Uterine leiomyomas are the most common benign tumors in women of reproductive age. Despite the high prevalence, tumor pathology remains unclear, which hampers development of safe and effective treatments. Epigenetic mechanisms appear to be involved in uterine leiomyoma development, particularly via DNA methylation that regulates gene expression. We aimed to determine the relationship between DNA methylation and gene expression in uterine leiomyoma compared to adjacent myometrium to identify molecular mechanisms involved in uterine leiomyoma formation that are under epigenetic control. Our results showed a different DNA methylation profile between uterine leiomyoma and myometrium, leading to hypermethylation of uterine leiomyoma, and a different global transcriptome profile. Integration of DNA methylation and whole-transcriptome RNA-sequencing data identified 93 genes regulated by methylation, with 22 hypomethylated/upregulated and 71 hypermethylated/downregulated. Functional enrichment analysis showed dysregulated biological processes and molecular functions involved in metabolism and cell physiology, response to extracellular signals, invasion, and proliferation, as well as pathways related to uterine biology and cancer.
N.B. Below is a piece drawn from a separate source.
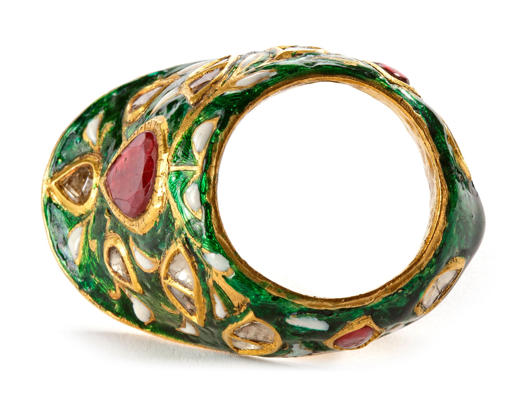 Decorated with rubies and diamonds set in the kundan technique against a green enamelled ground.
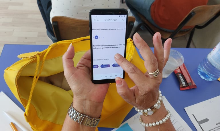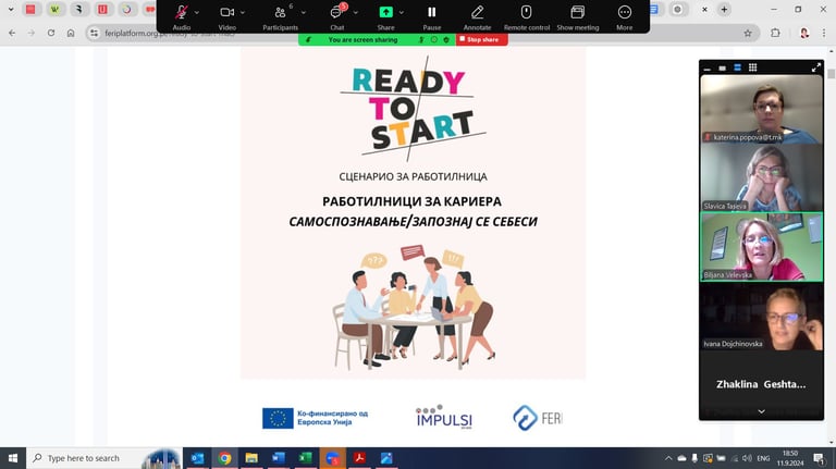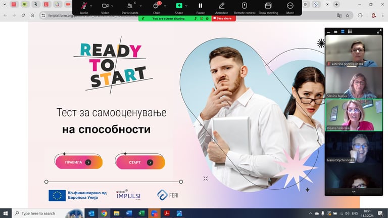 Participants had the opportunity to feel the process by being part of the self-evaluation process and working individually and in teams on different tasks. As part of the hands-on experiential learning process, they had a chance to try and test two digital decision-making games, available in Macedonian language, developed by our consortium, FERI and IMPULSI, under the scope of the project 'Ready to Start,' co-funded by the EU Erasmus+ program (Project number: 2023-1-PL01-KA210-VET-000153013).

Cellular components such as cell membranes, vesicles, extracellular matrix, and cell junctions were dysregulated in uterine leiomyoma. In addition, we found hypomethylation/upregulation of oncogenes (PRL, ATP8B4, CEMIP, ZPMS2- AS1, RIMS2, TFAP2C) and hypermethylation/downregulation of tumor suppressor genes (EFEMP1, FBLN2, ARHGAP10, HTATIP2), which are related to proliferation, invasion, altered metabolism, deposition of extracellular matrix, and Wnt/β-catenin pathway dysregulation. This confirms that key processes of uterine leiomyoma development are under DNA methylation control. Finally, inhibition of DNA methyltransferases by 5-aza-2′-deoxycitidine increased expression of hypermethylated/downregulated genes in uterine leiomyoma cells in vitro. In conclusion, gene regulation by DNA methylation is implicated in uterine leiomyoma pathogenesis, and reversion of this methylation could offer a therapeutic option for uterine leiomyoma.